Probability of extinction

Given some initial conditions specified by \(G_0(x)\) and an offspring PGF \(Q(x)\) (or \(G_0(x,y)\) and \(Q(xy)\)), we want to know the probability that the process will go extinct. Since all nodes generate descendents independently, we can ask the simpler question: What is the probability \(u\) that a node has a finite number of descendents. Assuming this is the case, since all descendents also generate child nodes independently, it must be that all descendent also have a finite number of descendent, with probability \(u\). Since the number of descendent is given by the distribution \(q_k\),

\[\begin{split} \begin{align} u &= \sum_k q_k u^k \;, \\ &= Q(u) \;. \end{align} \end{split}\]
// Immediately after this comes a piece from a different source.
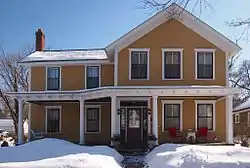 The MacDonald–Todd House is an 1857 home in Hastings in the U.S. state of Minnesota. The Greek Revival-style house was built by A.W. MacDonald in the utopian town of Nininger when he relocated to Dakota County from New York. He came to become the managing editor of the Emigrant Aid Journal. The paper was owned by Lieutenant Governor Ignatius Donnelly, who also founded the community of Nininger. In 1866, the home was moved across the ice in the Mississippi River to its present location, by Irving Todd, who had bought it for $385.[2][3]

One can see that \(u = 1\) is always a solution of this self-consistent equation, but sometime there is another solution \(u < 1\). To find this solution, one can just start with some initial value \(u < 1\) and iterate the equation. The probability of extinction is then simply the probability that all initial nodes have a finite number of descendent, i.e., \(G_0(u)\), which is also smaller than 1.
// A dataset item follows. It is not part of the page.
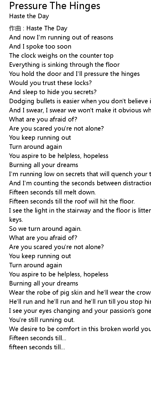 | I' m running low on secrets that will quench your thirsty ears. | |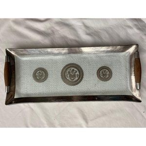 Beautiful MID CENTURY tray signed Georges Briard. SIlver details and teak handles. Exc cond.

Below, we solve for the probability of extinction using different values of \(\lambda\) for the Poisson distribution. The probability of extinction is smaller than one when \(\lambda > 1\), so when on average, a nodes generates more than one descendent.

Q = lambda l,x: np.exp(l*(x-1)) #l -> lambda
G0 = lambda x: x**5
llist = np.linspace(0.5,1.5,1000)
usol = []
Pext = []
for l in reversed(llist):
    u1 = usol[-1].copy() if usol else 0.5
    u2 = Q(l,u1)
    while  abs(u2-u1) > 10**(-5):
        u1 = u2.copy()
        u2 = Q(l,u1)
    usol.append(u2)
    Pext.append(G0(u2))
Pext = list(reversed(Pext))
plt.plot(llist,Pext)
plt.vlines(1,0,1,ls='--',color='grey')
plt.xlabel(r"$\lambda$")
plt.ylabel(r"Probability of extinction")
plt.show()

Tip

When solving this type of self-consistent equation and scanning a paramater (here \(\lambda\)) it is useful to reuse the result from the previous value of \(\lambda\) to solve for the next one (it saves a lot of computation). Here, it is better to start at the end (large \(\lambda\)) to avoid numerical issues—one is invited to try it the other way around and see what happens.